Petit texte :
"Au
bord de la rivière, une sente de pêcheur s'insinue dans
les fourrés humides, grimpe sur la berge qui s'écroule,
s'enlise dans une anse boueuse. Dans les ombrages, les eaux murmurent
ou cascadent, le Loriot siffle, les Fauvettes et les Pouillots babillent.
Soudain une voix éclate, véhémente et saccadée,
qui domine un instant puis se tait brusquement. L'auteur, le voici
: une toute petite boule de plumes brunes, piquée d'une minuscule
queue dressée, qui se faufile comme une souris entre les racines
et les branches. Le Troglodyte, si petit qu'il soit, ne laisse guère
ignorer sa présence, et on ne peut le confondre avec aucun
autre.
Qu'il est amusant de l'observer ! Campé sur une souche, tête
levée et ouvrant son bec fin et arqué, il chante de
nouveau. Comment l'oiseau nain peut-il émettre des sons aussi
retentissant ? Prestement, il descend, court ou sautille le long de
la berge, disparaît dans l'enchevêtrement des racines.
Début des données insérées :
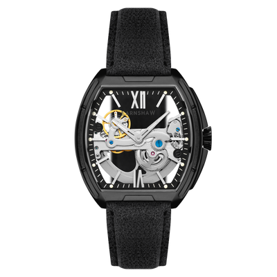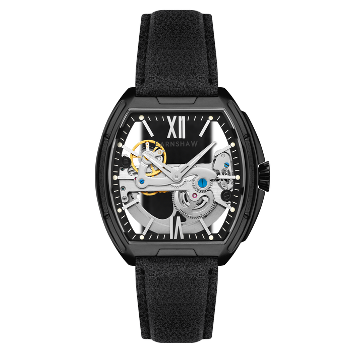 Sleek and striking, the Knightsbridge Automatic embraces openwork design with a fully transparent dial and exposed movement. Housed in a 45mm barrel-shaped case, this spectacular timepiece features Roman numeral accents and a double-curved lens. Pairing traditional elegance with contemporary flair, it redefines classic watchmaking.
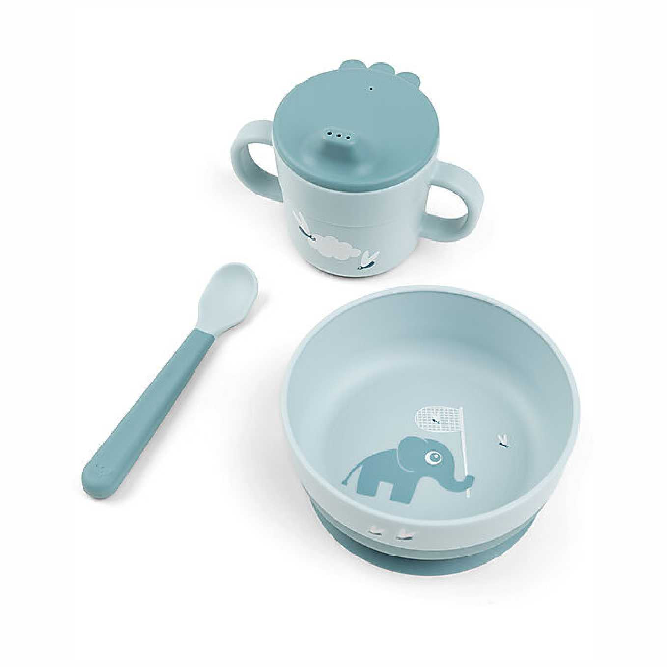 Il pratico starter set in silicone antiscivolo e di facile presa comprende un cucchiaio per bambini, una ciotola e una mini tazza. Stoviglie perfette per neonati e bambini piccoli.
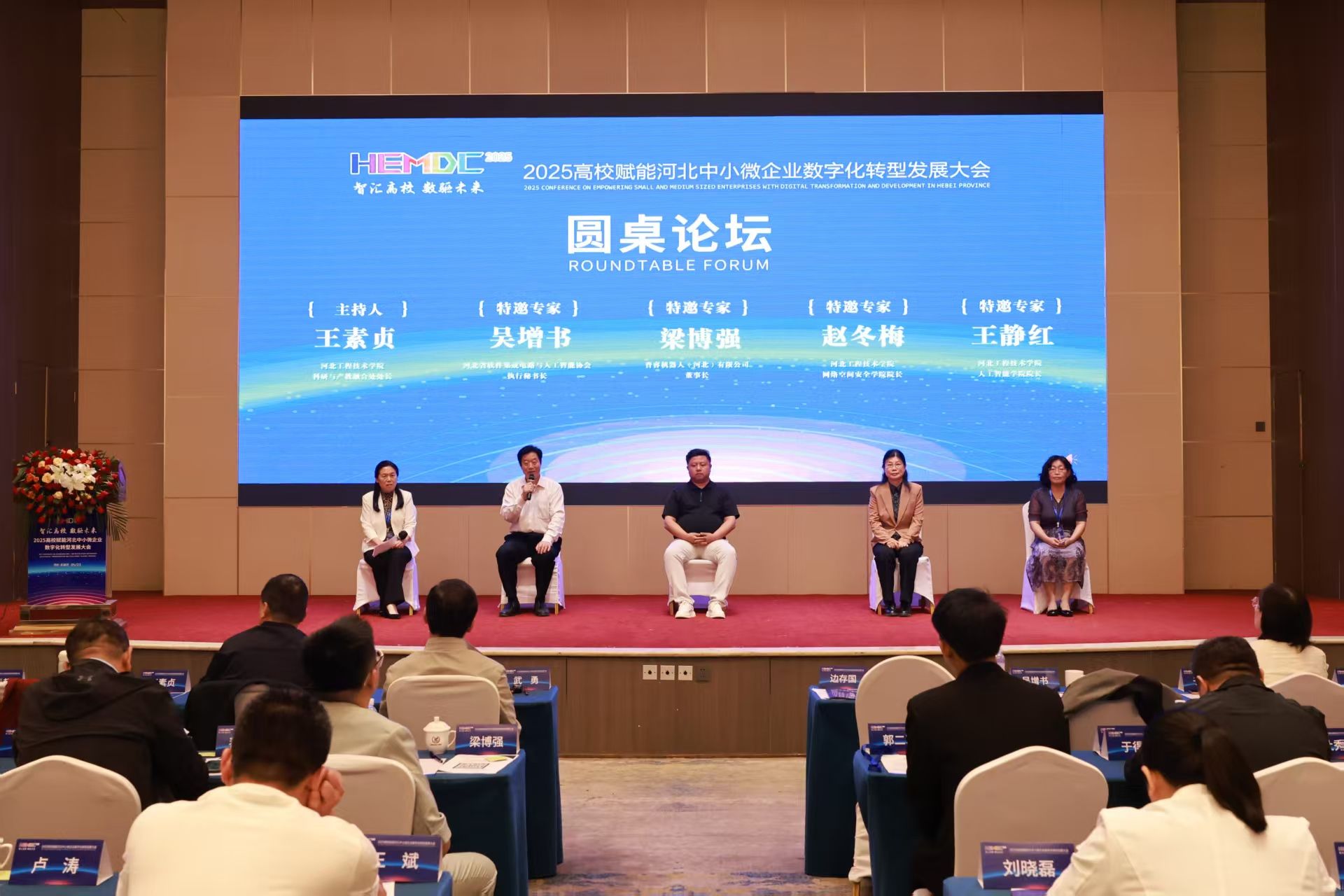在专家研讨环节,科研与产教融合处处长王素贞教授邀请网络空间安全学院院长赵冬梅、人工智能学院院长王静红与河北省软件集成电路与人工智能协会执行秘书长吴增书、普睿机器人董事长梁博强等嘉宾展开深度对话,直面河北企业转型中“技术基础薄弱、人才短缺”等痛点,提出“校企联合攻关、分阶段实施”等解决方案。河北省民营经济发展促进中心副主任赵景超表示,将联合高校构建资源共享平台,推动政策、技术、服务精准对接。参会企业代表河北臻豆食品有限公司董事长赵建立感慨,大会犹如“及时雨”,为企业破解转型难题提供了切实抓手。
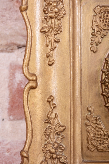 Polychromovaná skříňka zlacená plátkovým zlatem.
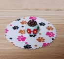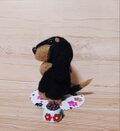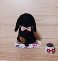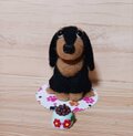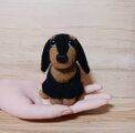 愛らしい羊毛フェルトのダックスフンドぬいぐるみと、ミニチュアの小物(肉球柄のコースターと小さな置物)のセットです。
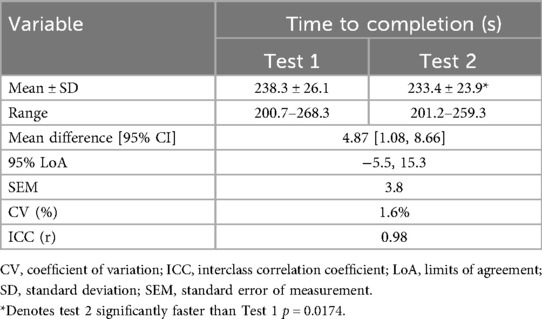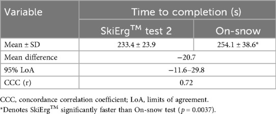 Results: There was a significant decrease in time from test 1 to test 2 of 4.87 s [238.3 ± 26.1 vs. 233.4 ± 23.9 s; 95% limits of agreement (LoA): −5.5, 15.3]. The Concept 2 SkiErg™ time-trial had a coefficient of variation (CV) of 1.6% and the standard error of measurement was 3.8 s. When compared to the on-snow time-trial, the Concept 2 SkiErg™ time-trial demonstrated a mean bias of 20.7 s (95% LoA; 11.6, 29.8) and the concordance correlation coefficient was 0.72.
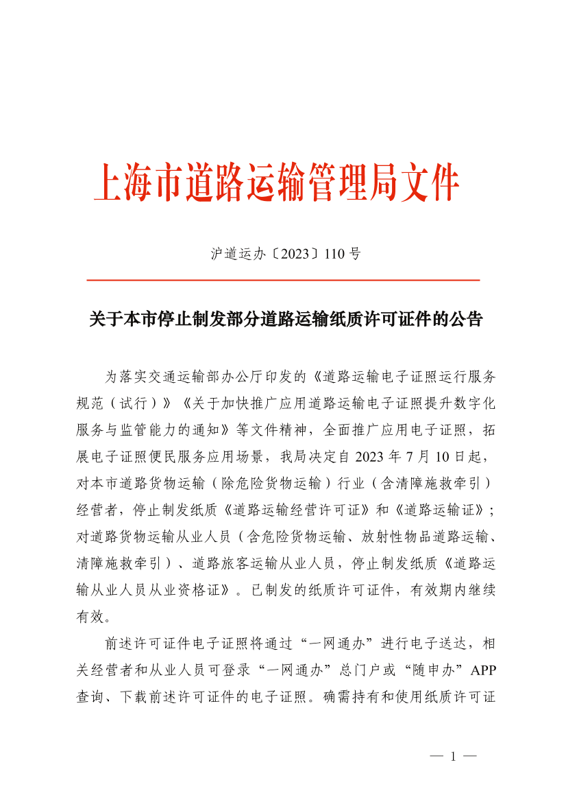 为落实交通运输部办公厅印发的《道路运输电子证照运行服务规范(试行)》《关于加快推广应用道路运输电子证照提升数字化服务与监管能力的通知》等文件精神,全面推广应用电子证照,拓展电子证照便民服务应用场景,我局决定自2023年7月10日起,对本市道路货物运输(除危险货物运输)行业(含清障施救牵引)经营者,停止制发纸质《道路运输经营许可证》和《道路运输证》;对道路货物运输从业人员(含危险货物运输、放射性物品道路运输、清障施救牵引)、道路旅客运输从业人员,停止制发纸质《道路运输从业人员从业资格证》。已制发的纸质许可证件,有效期内继续有效。

Un instant plus tard, il surgit sous un tronc abattu et franchit quelques
mètres d'un vol rasant, direct et rapide, les courtes ailes
arrondies vibrant comme celles d'un insecte. La sonnerie alerte s'élève
derrière les orties et les ronces où il s'est introduit.
Fureteur infatigable, le Troglodyte explore tous les recoins, les
crevasses, les trous ; il grimpe au bas d'un tronc en inspectant les
fissures de l'écorce, il s'enfonce dans la jungle des plantes
comme dans les fouillis de branches mortes et les tas de fagots abandonnés.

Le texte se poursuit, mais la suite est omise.